In this new work, a global team of computer scientists from the Institute of Science and Technology (IST) Austria and Indian institute of Technology Delhi (IITD) has developed a method for specifically animating yarn-level cloth effects, accurately capturing the physics of the material, including the stretching and bending response. The results of the team’s homogenized computational modeling framework accurately mimic the appearance of knitted and woven materials using yarn.
The team, comprising Georg Sperl and Chris Wojtan from IST Austria and Rahul Narain from IITD, is set to present their work at SIGGRAPH 2020. The conference, which will take place virtually this year starting 17 August, gathers a diverse network of professionals who approach computer graphics and interactive techniques from different perspectives. SIGGRAPH continues to serve as the industry’s premier venue for showcasing forward-thinking ideas and research.
“Yarn-level cloth techniques produce beautifully detailed and realistic results, but it can become impractically slow to simulate full garments,” Sperl, lead author of the research and Ph.D. student in the Wojtan lab at IST Austria, says. “Our method helps make such simulations more feasible by precomputing the mechanical properties of yarn patterns and fitting continuum materials that can be used in existing mesh-based simulators. This can greatly speed up the simulation of cloth while preserving the material’s overall stretching and bending resistance and capturing characteristic phenomena of fabrics such as curling.”
Picture the level of details that make up yarn cloth, from a variety of lengths and widths, the various appearances of spun thread, and the wide array of patterns created with yarn cloth by knitting, crocheting, or weaving. The team’s approach is able to capture all of these specific details and material properties of yarn-level cloth in a truly realistic and precise way.
They validated their method using stretching and draping tests that produced accurate translations of the fabric in a virtual world. Visual examples included the animation of a variety of detailed yarn-cloth patterns and techniques, i.e., slip stitch honeycomb and satin weave, showcasing more of the folds, curling, and wrinkles of the cloth while draped over an object or worn as a sweater or scarf.
One of the important challenges the team addressed was the ability to simulate yarn-level cloth faster and at scale.
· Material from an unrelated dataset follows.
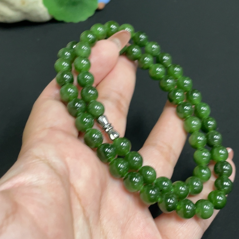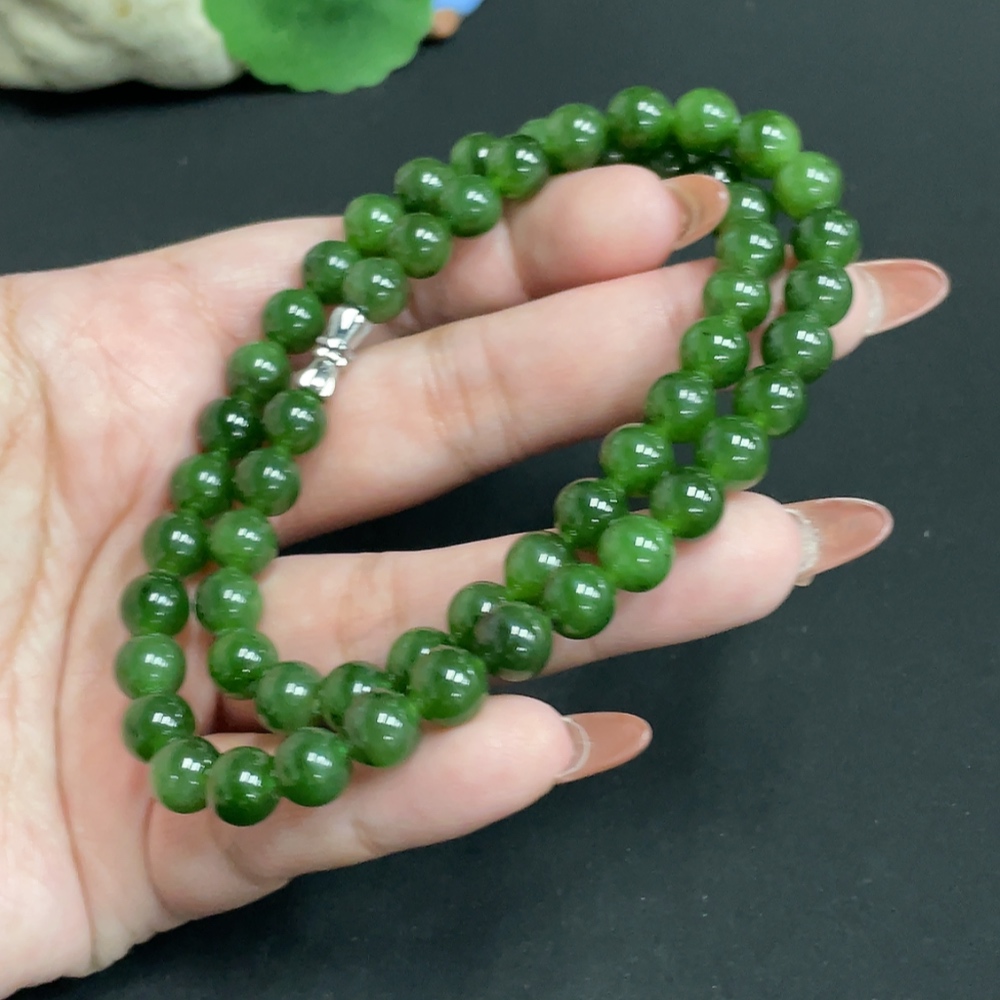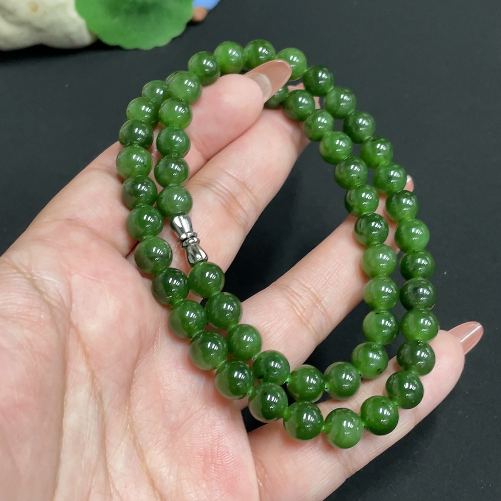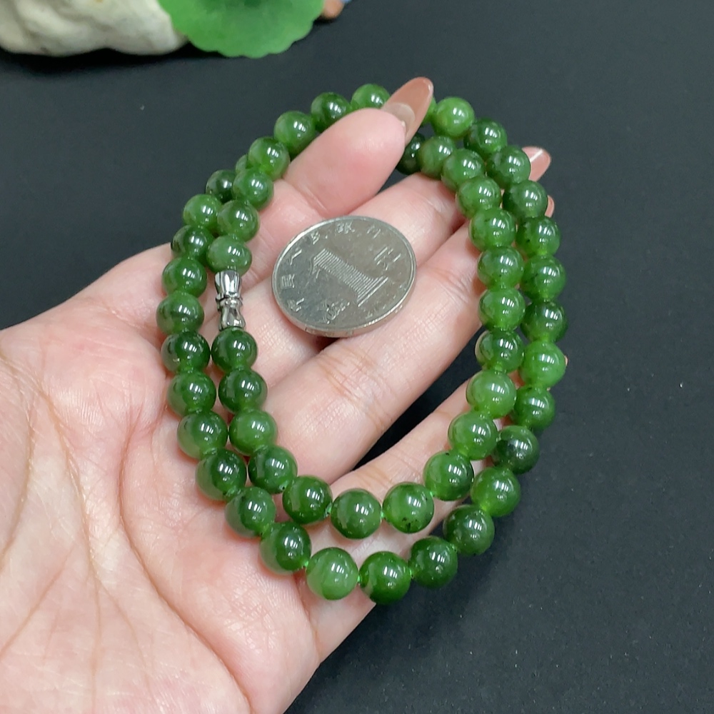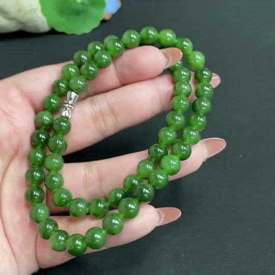 Hetian Jade Bead Chain, approx. 7.7mm, total weight approx. 45.2g

Their method captures the complex physics emerging from yarn patterns at a fraction of the cost of direct yarn-level cloth simulation.
“Our technique allows us to capture the resistance of multiple deformations at the same time,” the authors say. “We additionally developed a procedure to fit a material model capable of capturing these effects from homogenized data. With this, we were able to automatically reproduce characteristic behaviors of different fabrics, including subtle phenomena like the interaction between stretching and curling in knitted patterns, which have not been captured in previous cloth models.”
In the future, this method could expand to animate other complicated multi-physics materials like layered quilts, layered elastic material, skin tissue, and deployable shells. The team’s method opens up exciting avenues for future studies by applying it to homogenization of layered or composite materials, for estimating material properties of new materials constructed from simpler components, or for inverse design problems in the manufacturing of knitted cloth.